The northern East China Sea Shelf Basin consists of three depressions (the Domi, Jeju, and Socotra Depressions), separated by basement highs or rises. Reconstruction of depth-converted seismic reflection profiles from these depressions reveals that the northern East China Sea Shelf Basin experienced two phases of rifting, followed by regional subsidence. Initial rifting in the Late Cretaceous was driven by the NW–SE crustal stretching of the Eurasian plate, caused by the subduction of the Pacific plate beneath the plate margin. Major extension (~15 km) took place during the early phase of basin formation. The initial rifting was terminated by regional uplift in the Late Eocene-Early Oligocene, which was probably due to reorganization of plate boundaries. Rifting resumed in the Early Oligocene; the magnitude of extension was mild (<1 km) during this period. A second phase of uplift in the Early Miocene terminated the rifting, marking the transition to the postrift phase of regional subsidence. Up to 2,600 m of sediments and basement rock were removed by erosion during and after the second phase of uplift. An inversion in the Late Miocene interrupted the postrift subsidence, resulting in an extensive thrust-fold belt in the eastern part of the area. Subsequent erosion removed about 900 m of sediments. The regional subsidence has dominated the area since the Late Miocene.


East China Sea Shelf Basin Reconstruction Rifting Extension 



We would like to thank the Korea National Oil Corporation (KNOC) for permission to publish the data.

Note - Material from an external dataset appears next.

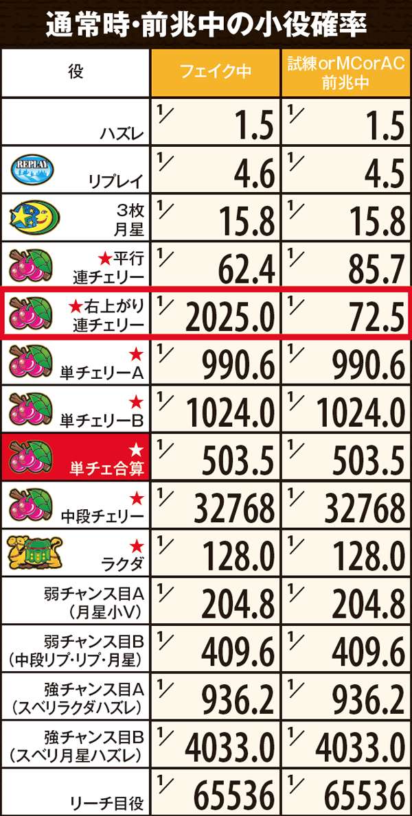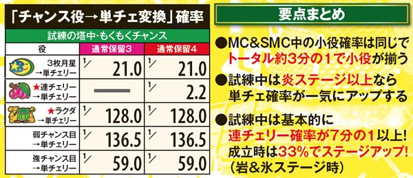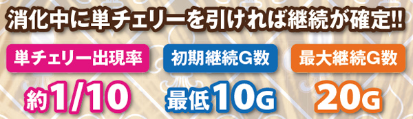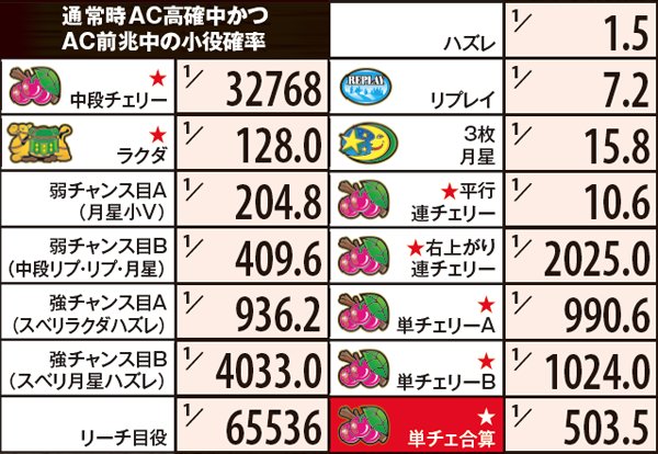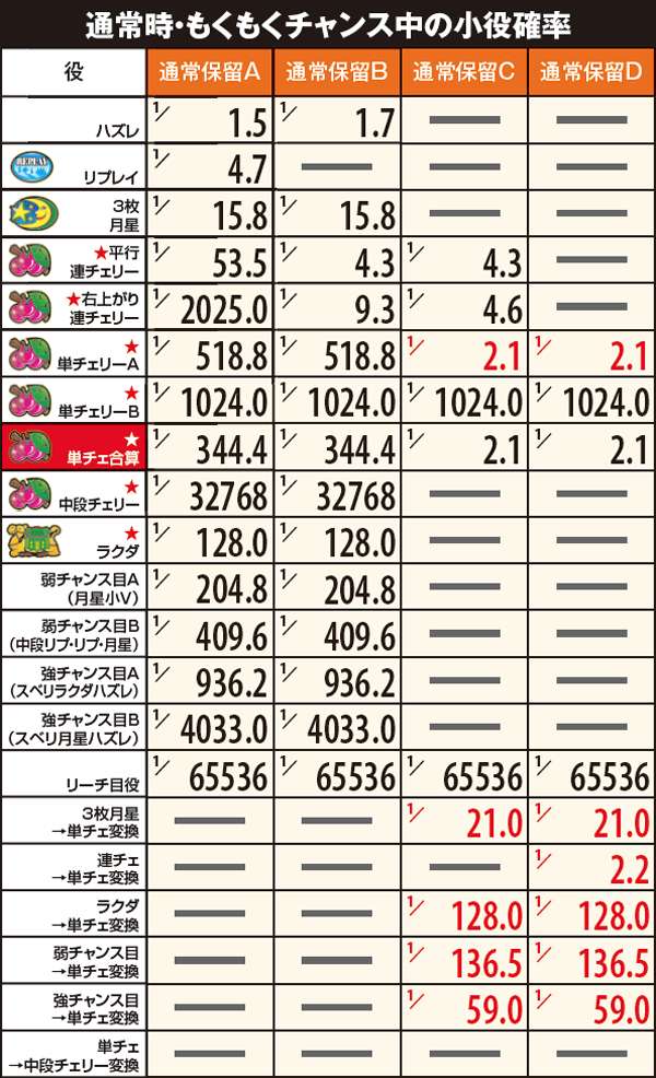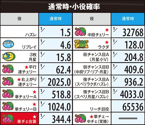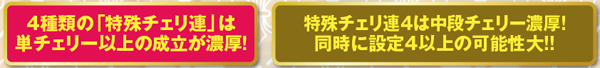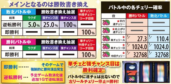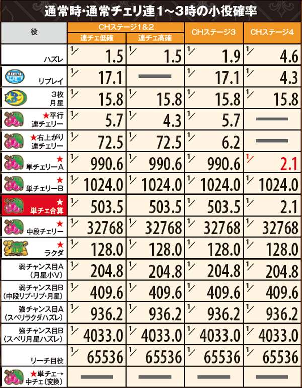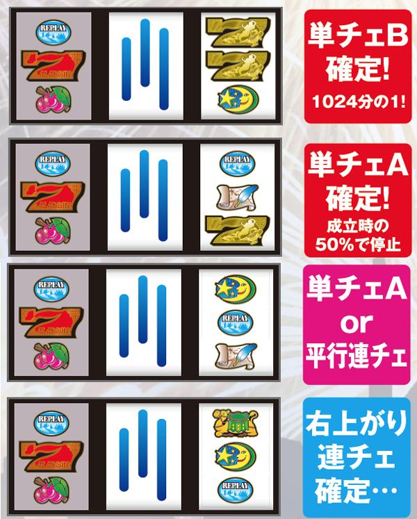 ■連チェ以外のチャンス役は単チェ昇格確定だが抽選自体は昇格前の成立役を参照して行う。それ以外の単チェは全て「単チェリー」として抽選

We also thank the Korea Institute of Geoscience and Mineral Resources (KIGAM) for providing financial support for this study. Amy Draut and three anonymous reviewers are acknowledged with thanks for their constructive comments and suggestions. This study was supported by a grant (10-9110) from MLTM Research Fund. Kingdom Suite® (version 8.2) was used for seismic and well-log data analysis and 2DMove® (version 5.1) was used for cross-section restoration.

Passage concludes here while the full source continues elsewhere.